──────── Record extracts

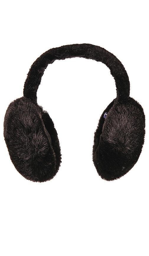 HAT ATTACK OVERSIZED FAUX FUR EARMUFF IN BLACK.
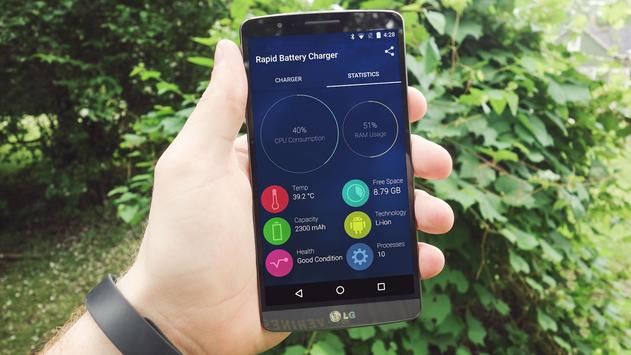 Once the adapter is connected to the device, it charges up the battery as well as that same charge stored is being used by the phone as it consumes the battery. Now, what this app does is that it reduces the ratio of discharging to the charging up of the battery resulting in the reduction of charge time. In addition this rapid fast battery charger does what is vital and performs various functions to reduce the consumption of your machines battery while charging. It stops unwanted background processes to reduce the CPU load and halts network tasks to reduce battery consumption. This battery charger also modifies the display settings according to your needs and to reduce battery usage.
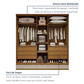 As gavetas ficam na parte interna e externa, organizando melhor os itens. Acabamento da Prateleira: Impressão Escala de Brilho da Prateleira: Fosco Acabamento da Gaveta: Impressão Escala de Brilho da Gaveta: Fosco Possui Organizador de Gaveta: Não Acabamento da Porta: Impressão Escala de Brilho da Porta: Fosco Material do Puxador da Porta: MDF Ambiente Principal: Quarto codigo_ean: 7900288200761 Complexidade da Montagem: Alta: deve ser montado por um montador especializado Cor: Cedro/Off White Cor do Produto: Cedro/Off White Cor do Puxador: Marrom Escala de Brilho: Fosco Espessura da Estrutura (mm): 15 mm Espessura das Portas (mm): 15 mm Espessura das Prateleiras (mm): 15 mm Espessura do Fundo (mm): 3 mm Espessura do Fundo das Gavetas (mm): 3 mm Gaveta com Chave: Não Itens Inclusos: 1 Guarda-Roupa, Manual de Montagem e Kit Ferragens. Linha ou Coleção: Urbano Manual de Montagem e Instalação: https://product-hub-prd.madeiramadeira.com.br/470610500/documents/7c75ae53-f550-4739-8161-51b7b49cc3d711744799955449922839171072.pdf Marca: Josandro Material da Gaveta: MDF Material da Porta: MDF Material da Prateleira: MDF Material Principal: MDF modular: Não Necessita Montagem: Sim Origem do Produto: Nacional Peso: 215 kg Peso Máximo por Gaveta: 5 kg Peso Máximo por Prateleira: 10 kg Porta Janelada: Não Possui Calceiros: Não Possui Espaço para Vestidos Longos: Sim Possui Espelho: Não Possui Espelho Interno: Não Possui Ganchos: Não Possui Pés: Não Possui Portas: Sim Possui Prateleiras: Sim Possui Sapateira: Sim Produto Montado: Sim Quantidade de Cabideiros: 02 Cabideiros Quantidade de Gavetas: 06 Gavetas Quantidade de Prateleiras: 06 Prateleiras Recomendações de Uso, Manutenção e Limpeza: Limpar com flanela limpa e seca. Não usar produtos abrasivos. Sistema de Montagem: Parafusos Tipo de Corrediça da Gaveta: Metálica Telescópica Tipo de Dobradiça/Corrediça da Porta: Telescópica Tipo de Gaveta: Interna Tipo de Guarda-Roupa: Casal Tipo de Puxador da Gaveta: Não Possui Tipo de Puxador da Porta: Embutido
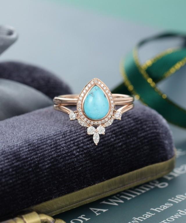2pcs Pear Shaped Turquoise Ring Halo Diamond Engagement Ring Set Rose Gold Vintage Ring Moissanite Wedding Bridal Anniversary Gift For Women 2952122 Weddbook Turquoise And Diamond Wedding Ring
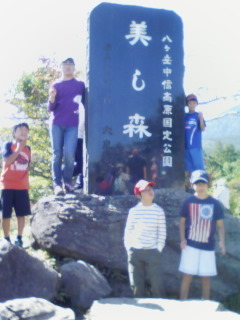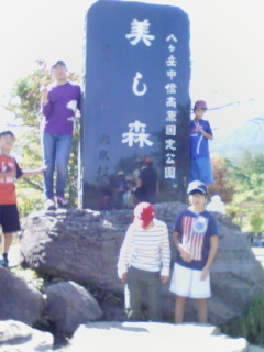 美しの森の碑で記念撮影しました。

────────────────

• _Assignment_
The listing above needs to be output again exactly. Don't include the pictures.

• _Solution to the problem_
 HAT ATTACK OVERSIZED FAUX FUR EARMUFF IN BLACK.
 Once the adapter is connected to the device, it charges up the battery as well as that same charge stored is being used by the phone as it consumes the battery. Now, what this app does is that it reduces the ratio of discharging to the charging up of the battery resulting in the reduction of charge time. In addition this rapid fast battery charger does what is vital and performs various functions to reduce the consumption of your machines battery while charging. It stops unwanted background processes to reduce the CPU load and halts network tasks to reduce battery consumption. This battery charger also modifies the display settings according to your needs and to reduce battery usage.
 As gavetas ficam na parte interna e externa, organizando melhor os itens. Acabamento da Prateleira: Impressão Escala de Brilho da Prateleira: Fosco Acabamento da Gaveta: Impressão Escala de Brilho da Gaveta: Fosco Possui Organizador de Gaveta: Não Acabamento da Porta: Impressão Escala de Brilho da Porta: Fosco Material do Puxador da Porta: MDF Ambiente Principal: Quarto codigo_ean: 7900288200761 Complexidade da Montagem: Alta: deve ser montado por um montador especializado Cor: Cedro/Off White Cor do Produto: Cedro/Off White Cor do Puxador: Marrom Escala de Brilho: Fosco Espessura da Estrutura (mm): 15 mm Espessura das Portas (mm): 15 mm Espessura das Prateleiras (mm): 15 mm Espessura do Fundo (mm): 3 mm Espessura do Fundo das Gavetas (mm): 3 mm Gaveta com Chave: Não Itens Inclusos: 1 Guarda-Roupa, Manual de Montagem e Kit Ferragens. Linha ou Coleção: Urbano Manual de Montagem e Instalação: https://product-hub-prd.madeiramadeira.com.br/470610500/documents/7c75ae53-f550-4739-8161-51b7b49cc3d711744799955449922839171072.pdf Marca: Josandro Material da Gaveta: MDF Material da Porta: MDF Material da Prateleira: MDF Material Principal: MDF modular: Não Necessita Montagem: Sim Origem do Produto: Nacional Peso: 215 kg Peso Máximo por Gaveta: 5 kg Peso Máximo por Prateleira: 10 kg Porta Janelada: Não Possui Calceiros: Não Possui Espaço para Vestidos Longos: Sim Possui Espelho: Não Possui Espelho Interno: Não Possui Ganchos: Não Possui Pés: Não Possui Portas: Sim Possui Prateleiras: Sim Possui Sapateira: Sim Produto Montado: Sim Quantidade de Cabideiros: 02 Cabideiros Quantidade de Gavetas: 06 Gavetas Quantidade de Prateleiras: 06 Prateleiras Recomendações de Uso, Manutenção e Limpeza: Limpar com flanela limpa e seca. Não usar produtos abrasivos. Sistema de Montagem: Parafusos Tipo de Corrediça da Gaveta: Metálica Telescópica Tipo de Dobradiça/Corrediça da Porta: Telescópica Tipo de Gaveta: Interna Tipo de Guarda-Roupa: Casal Tipo de Puxador da Gaveta: Não Possui Tipo de Puxador da Porta: Embutido
2pcs Pear Shaped Turquoise Ring Halo Diamond Engagement Ring Set Rose Gold Vintage Ring Moissanite Wedding Bridal Anniversary Gift For Women 2952122 Weddbook Turquoise And Diamond Wedding Ring
 美しの森の碑で記念撮影しました。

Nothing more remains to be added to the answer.